El problema logístico del reparto de última milla es la eficiencia, la optimización de los tiempos, de las rutas. Tenemos rutas en la que la media de reparto y recogidas diarias es de 80 y 90 paquetes. Para eso hay que tener muy claro por dónde ir. Cada 25 rutas contamos con la figura del Quality Service Manager, persona que gestiona ese equipo, proponiendo mejoras, rutas alternativas, haciendo rutas con los repartidores. Y luego están los problemas del día a día. Con Green Wheels, por ejemplo, podemos saber si le falta mucho a un tramo de reparto para enviar inmediatamente un vehículo adicional. 

Soy escéptico sobre si el cliente va a pagar, no creo que lo haga con el último tramo de la cadena logística”

¿Y cómo se afrontan los problemas de coste? Porque cada vez más el cliente final solicita la entrega en el mismo día, que sea gratuita, que sea personalizada…

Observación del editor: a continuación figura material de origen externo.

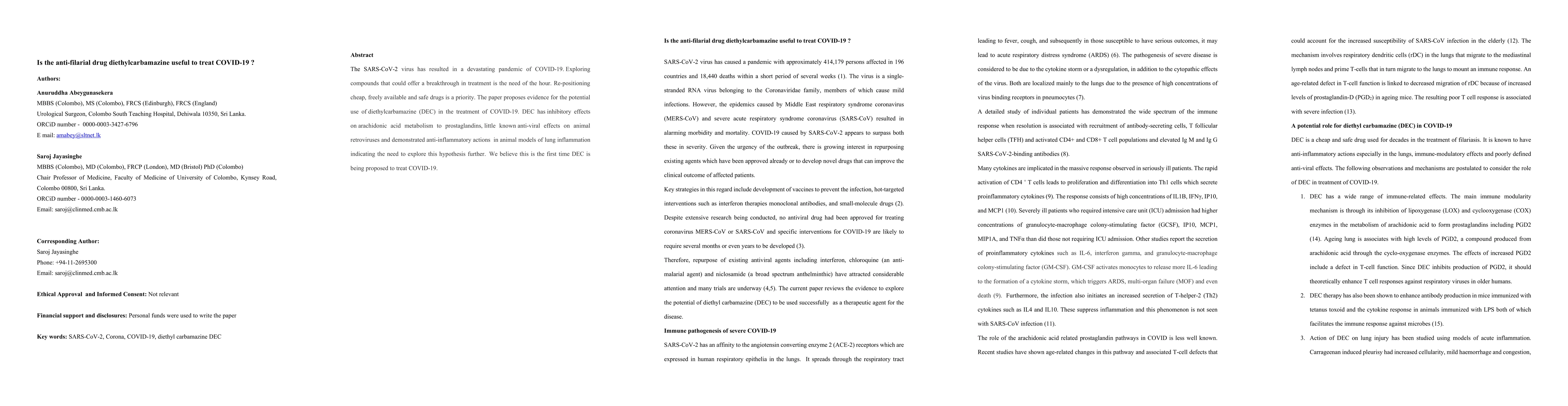 The SARS-CoV-2 virus has resulted in a devastating pandemic of COVID-19. Exploring compounds that could offer a breakthrough in treatment is the need of the hour. Re-positioning cheap, freely available and safe drugs is a priority. The paper proposes evidence for the potential use of diethylcarbamazine (DEC) in the treatment of COVID-19. DEC has inhibitory effects on arachidonic acid metabolism to prostaglandins, little known anti-viral effects on animal retroviruses and demonstrated anti-inflammatory actions in animal models of lung inflammation indicating the need to explore this hypothesis further. We believe this is the first time DEC is being proposed to treat COVID-19.

Este es un sector de unos márgenes muy estrechos. Además, hemos apostado por unos vehículos que son más caros. Está el debate de si el cliente va a pagar por el reparto o no. Yo soy escéptico. No creo que en nosotros, que somos el último tramo de la cadena logística, redunde esa posibilidad. Yo sí que pediría a las administraciones, que nos ayuden, que no nos pongan trabas. Para repartir en algunas zonas de Madrid tenemos que pagar para que nuestros vehículos entren, tenemos limitados los horarios. Es importante que las administraciones no le den la espalda a la realidad de que cada vez hay más reparto a domicilio.

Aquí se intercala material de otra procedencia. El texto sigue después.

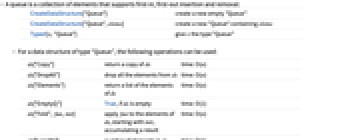 CreateDataStructure["Queue"] create a new empty "Queue" CreateDataStructure["Queue",elems] create a new "Queue" containing elems Typed[x,"Queue"] give x the type "Queue" - For a data structure of type "Queue", the following operations can be used:

¿La inteligencia artificial es más futuro o ya presente en este tipo de reparto?

Para aplicar la inteligencia artificial a este campo lo que tienes que disponer es de una gran cantidad de datos. Registramos cada cosa que pasa. Kilómetros, combustibles, permisos, efectividad.. Eso queda en una gran piscina de datos. Y a partir de ahora, sí que intentaremos trabajar en la inteligencia artificial con todos esos datos disponibles. El IoT, el internet de las cosas, hace tiempo que ya lo utilizamos. Trabajamos en varios proyectos, en poder prever los comportamientos de determinadas zonas o barrios a la hora de recibir los paquetes, que seamos capaces de predecir cuándo hay que ir y cuándo no a determinados sitios, predecir el tiempo necesario de preparación para la entrega de un próximo paquete, y todo eso traducirlo en nuestras actividades diarias.